I've not been to that part of the country before so would suggest you wait till you arrive and visit with the federal police in whatever area you are considering for rides. This is one of the few times or purposes that I'd trust the police.


----------



## northwoods (Nov 14, 2013)

Thanks Jet
yes i made it from Northern Wisconsin to Quezon City, Stone House Bed and Breakfast.
in one of our posts you said i was up for a huge change in climate, you're very correct! 
however i'm doing excellent, i've cut my cigarette and coffee usage by apx 75%, 
without really trying... i feel very good ! The Filipinos are great i left 80% of my stress back in USA . 
I'm here with my Fiancee and upon meeting her Family several times, i couldn't be more satisfied!
many of the members here have expressed concerns, regarding extended family. 
Regular members know exactly where this idea is going ... 
The Family is great the only expectations are proper care for their daughter, 
and i enjoy their company and jokes.
Thanks for all the great members who have shared. :yo:


----------



## simonsays (Feb 11, 2009)

I been in palawan and theres no sign of MILF .. though splinter groups of NPA exist all over Philippines ...

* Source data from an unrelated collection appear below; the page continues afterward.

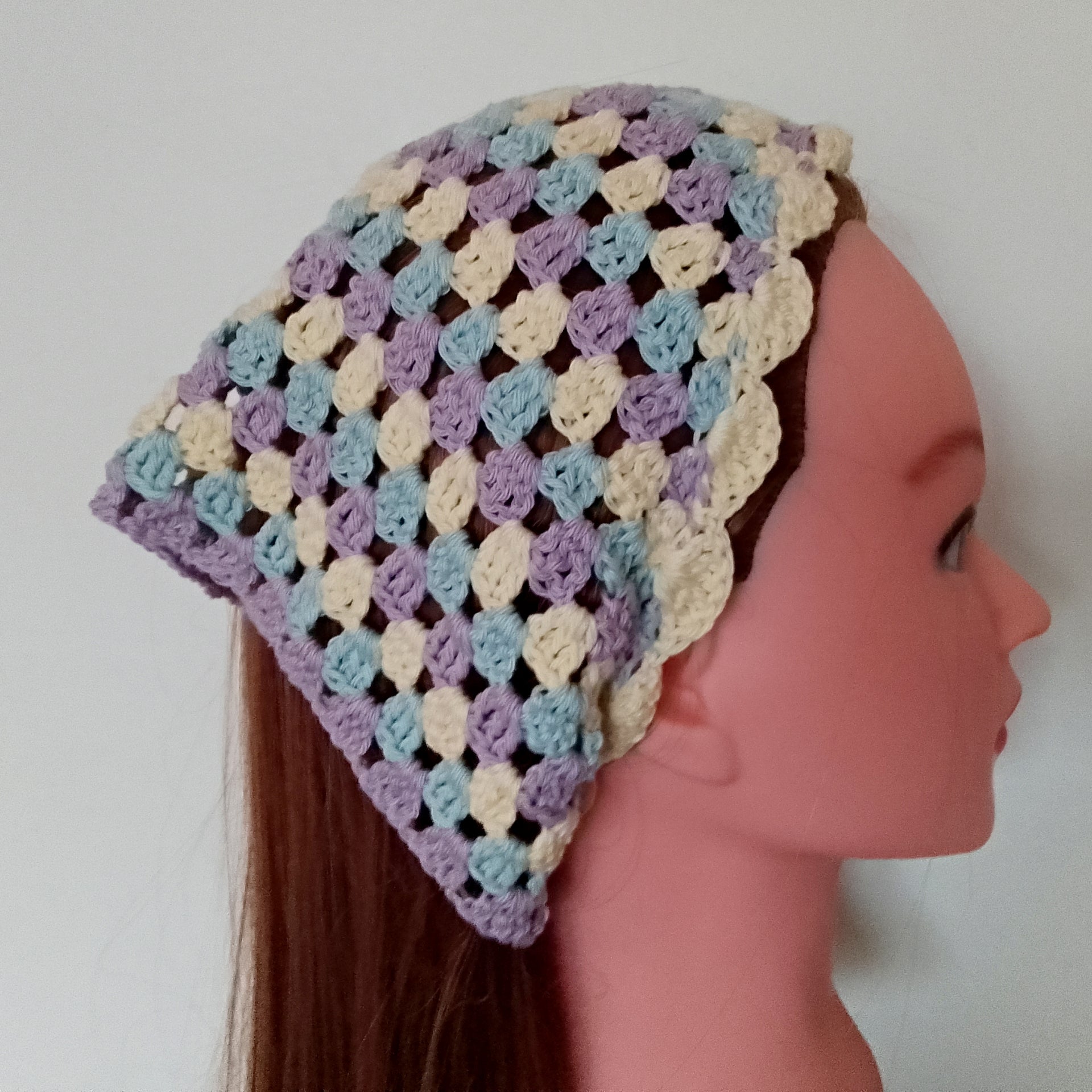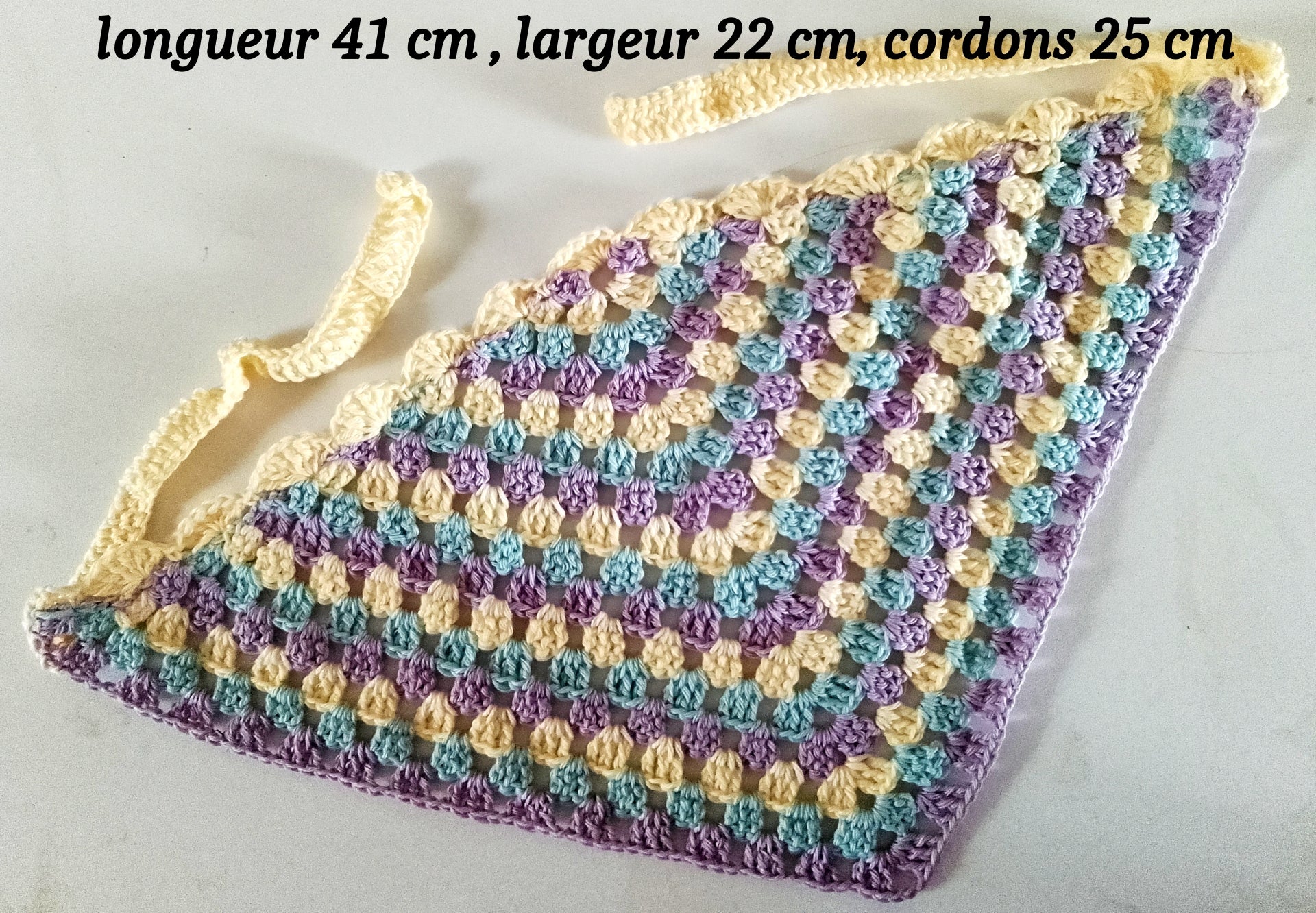 Bandana en fil de coton fait au crochet en points granny , longueur indiquée sur l'image du modèle
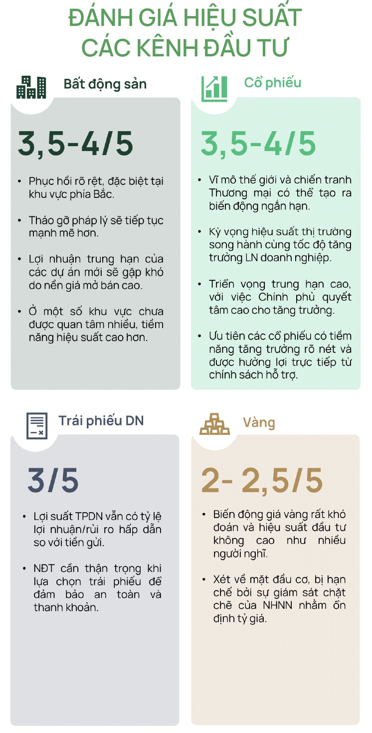 Dragon Capital cũng công bố bảng đánh giá hiệu suất của các kênh đầu tư, trong đó cổ phiếu và bất động sản được đánh giá cao về hiệu suất đầu tư, cùng đạt mức 3,5-4 điểm. Với mức điểm 3, trái phiếu được đánh giá là kênh đầu tư tốt hơn so với gửi tiết kiệm ngân hàng, song cần chú ý rủi ro và thanh khoản.
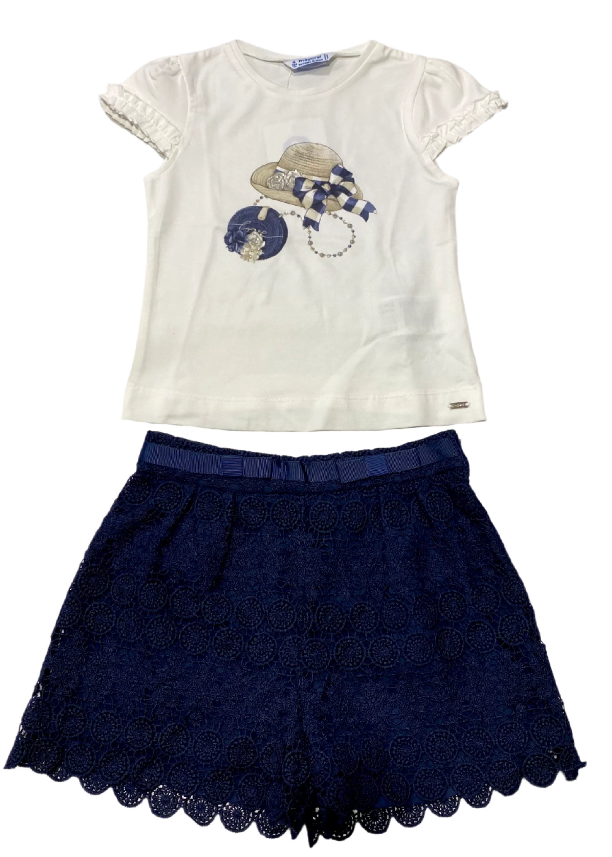Lovely girl's outfit. Top has short sleeve with ruffle details and has sun hat print and bow on the chest. This top has matching lace short, zip fastening on the side.
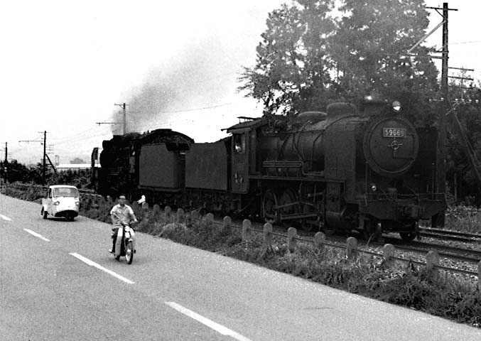 1967,8 越生付近を行くトンボ重連の回送 列車も懐かしいが、車もなんともいえません
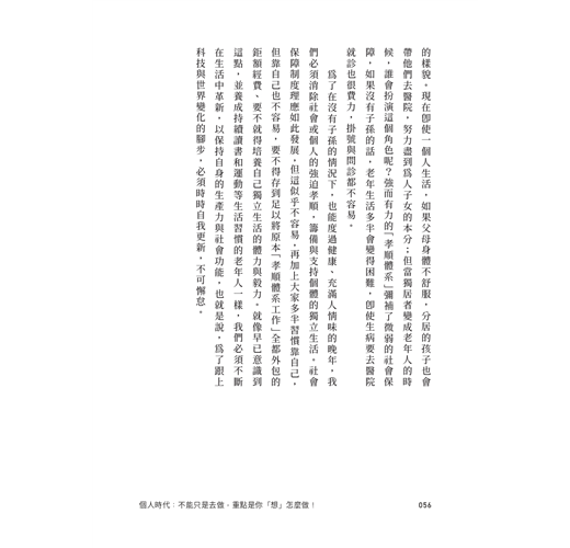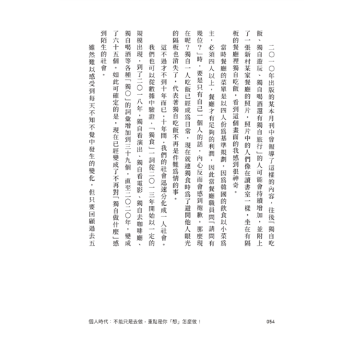 不婚、獨居、婚內孤獨、組織內個人崛起的「個人時代」已經來臨,要如何因應新型態的生活與工作觀,創造個人品牌與成功行銷,我們需要兼具學術與實務的Know-how,所以一定要閱讀這本「未來個人學」的好書!──惠文高中圖書館主任、作家.蔡淇華 疫情扯開看似太平的遮羞布,將原本存在的問題再次放大;越是科技便利的生活,就越多人會被落下;社會運行的方式變化急遽,加深著差距與彼此理解的鴻溝;生活在當下的人們害怕緊繃、嚴肅的,梗、meme、脫口秀的流行在在彰顯調侃對這一世代的重要性。為《紐約時報》撰文的歷史學教授Gil Troy曾說過一句觀點:「我們今日所面臨的挑戰,是在每個個體的日常生活中發現意義。」換言之,能夠用小敘事幫助大眾發現日常中新的意義來源,將會是每個品牌從業者的必修課。如果無法消除焦慮,那就專注當下、打開好奇、抓住時代性的機會,亦是本書對於應對心態的重要提醒,時刻謹記。──加個零社群觀察.張嘉玲 曾經有段時間不停強調習慣,提倡身體最重要,身體如果擁有記憶的話,可以自然而然達成想做的事,談及相關議題的書籍也很多。不過這本書又再次轉了個彎,透過大數據,告訴我們不要跟隨他人,先思考人生的各種面向,再設定方向。──政治學家.蔡孝定 這本書指出新自由主義之下將弱肉強食和適者生存合理化的問題,我也認為是不正確的,因為這是動物世界才會發生的事情,我們是建立並發展文明社會的人類。──獨立媒體工作者.李錦姬 這本書講述了數據如何在無數雜音中搶先一步捕捉變化的訊號,同時也提供停下來思考的絕佳機會。──Aladin韓國網路書店採購.洪聖源
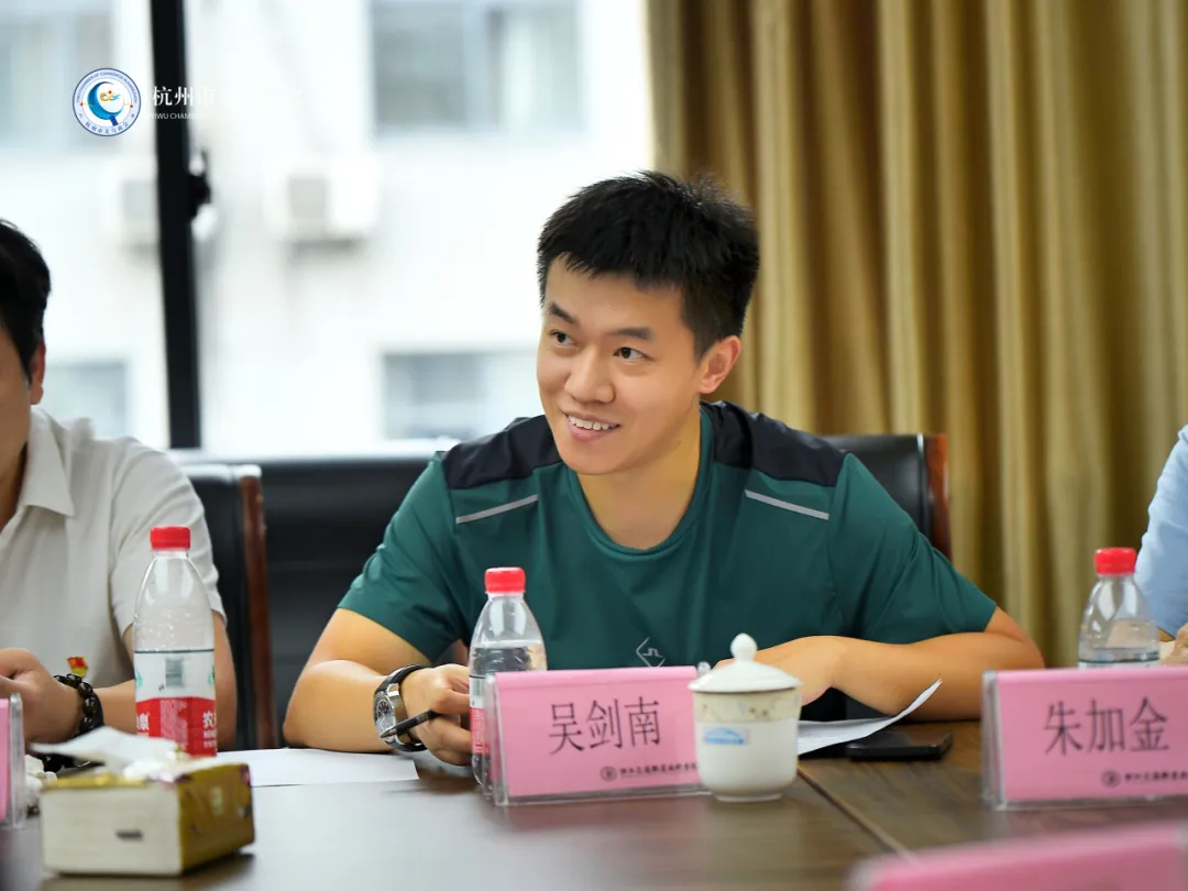 在汽车学院举行的座谈会上,就全国党建工作样板与产学研融合等内容,大家进行了热烈的交流。杭州市义乌商会秘书长叶宏军主持座谈会。
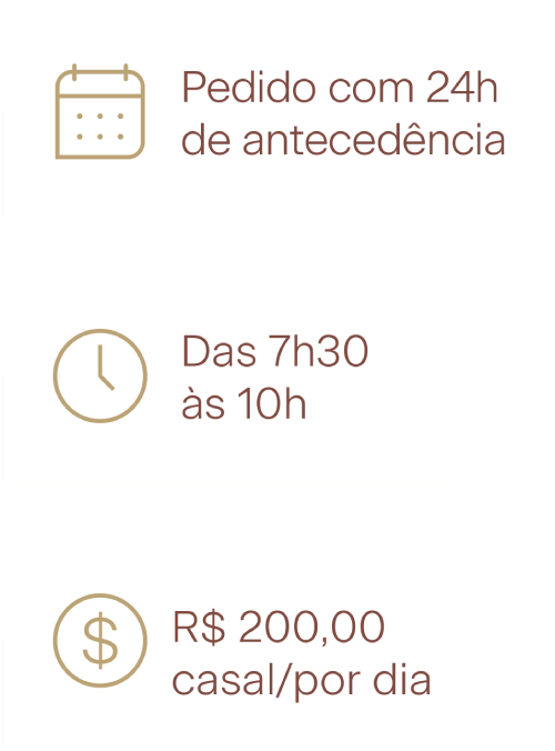 - Cardápio especial: repleto de delícias cuidadosamente selecionadas para tornar seu início de dia ainda mais agradável.
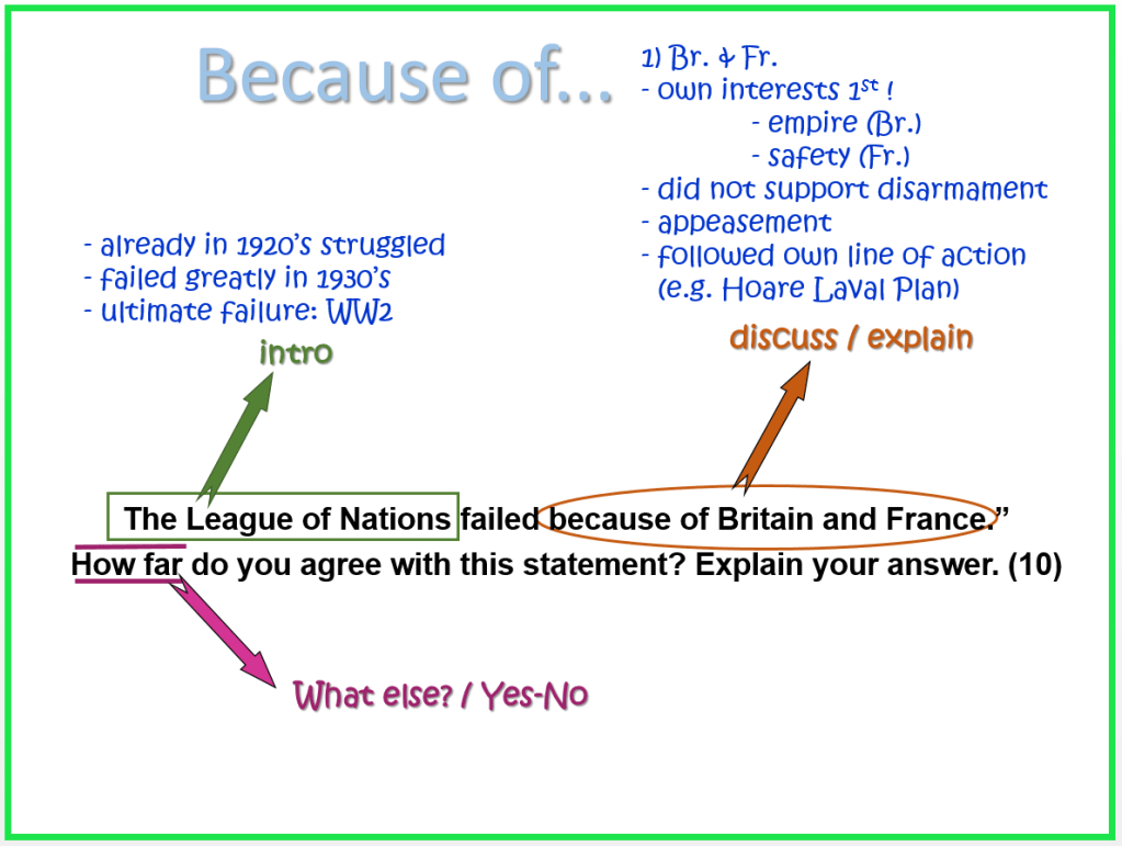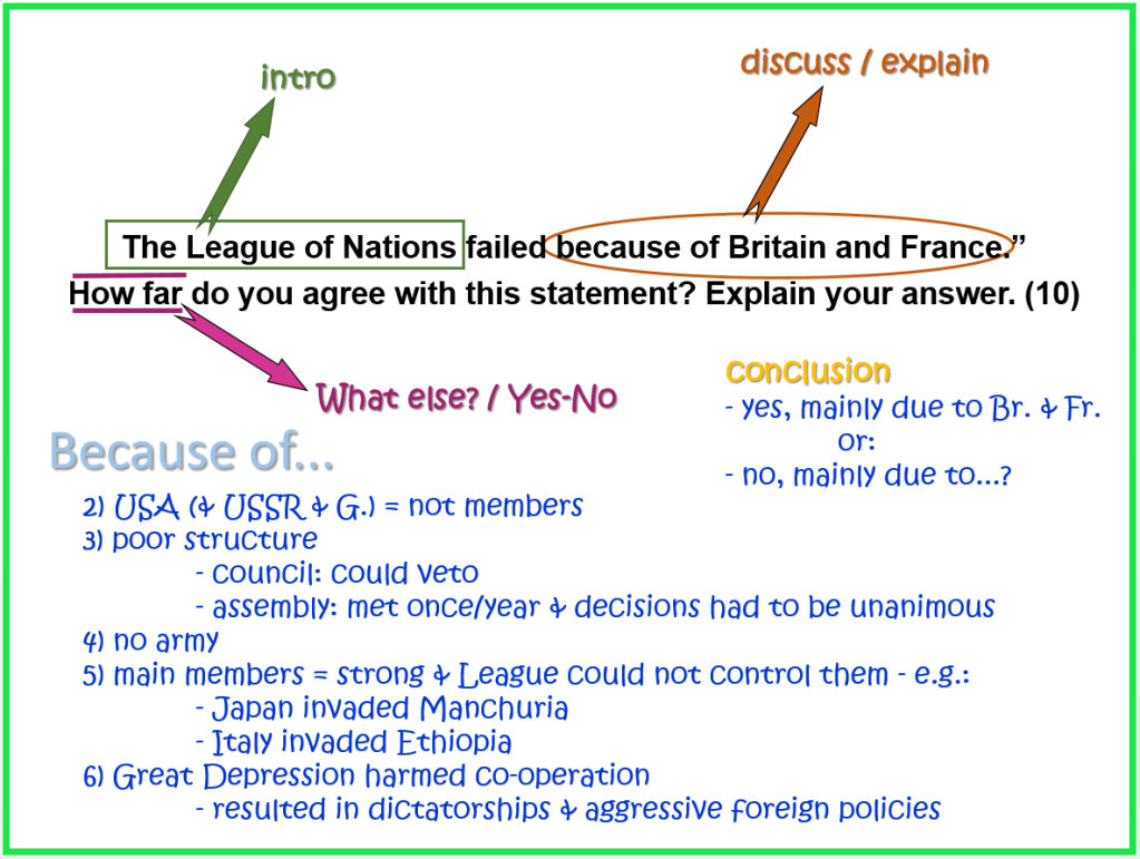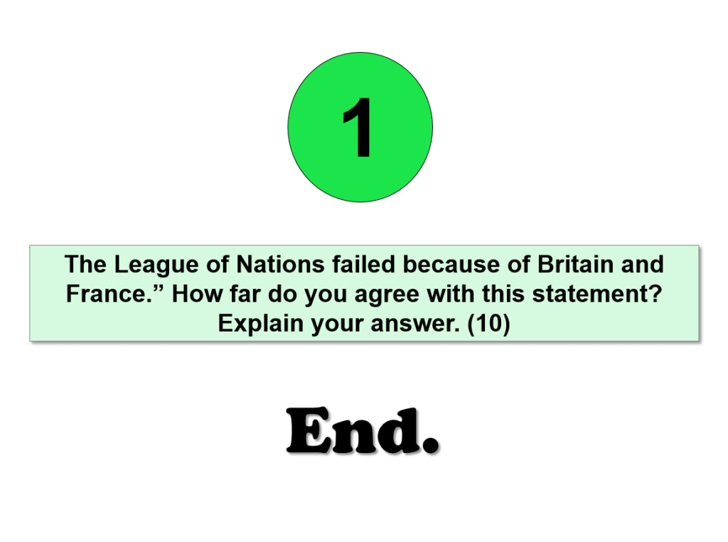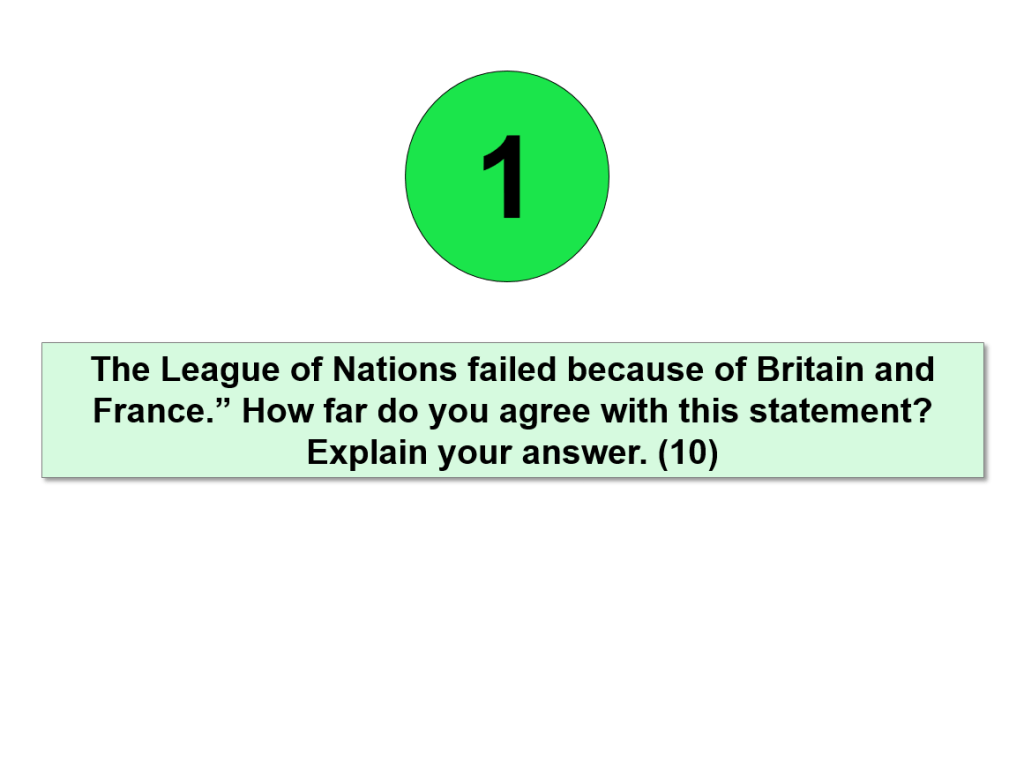 “The League of Nations failed because of Britain and France.” How far do you agree with this statement? Explain your answer. (10)

and Abu sayaf kidnapped tourists from Dos Palmas years ago ... though nothing happened ever since ...

I that good info enough ?


----------



## northwoods (Nov 14, 2013)

hello and thanks you too.
the drinks are good tonight  
we leave tomorrow:tea:

Chuck and Roselyn


----------



## Cebu Citizen (Dec 13, 2013)

Right behind you Northwoods...I should be in Palawan in about two weeks, (May 8th or 9th), for some awesome scuba diving and then visit a few families we helped in Leyte after Yolanda. But Palawan first for some serious stress relief and then on to Letye and Samar before heading home again.


----------



## Palawenio (Mar 4, 2014)

Northwoods : I still say it's too bad you left Philippines on the same day I arrived.. 
Another "it's not meant to be" incident.


----------



## northwoods (Nov 14, 2013)

*palaweno*



Palawenio said:


> Northwoods : I still say it's too bad you left Philippines on the same day I arrived..
> Another "it's not meant to be" incident.


saw your posts ..
yep we should have met up .
are you on palawan now ?


----------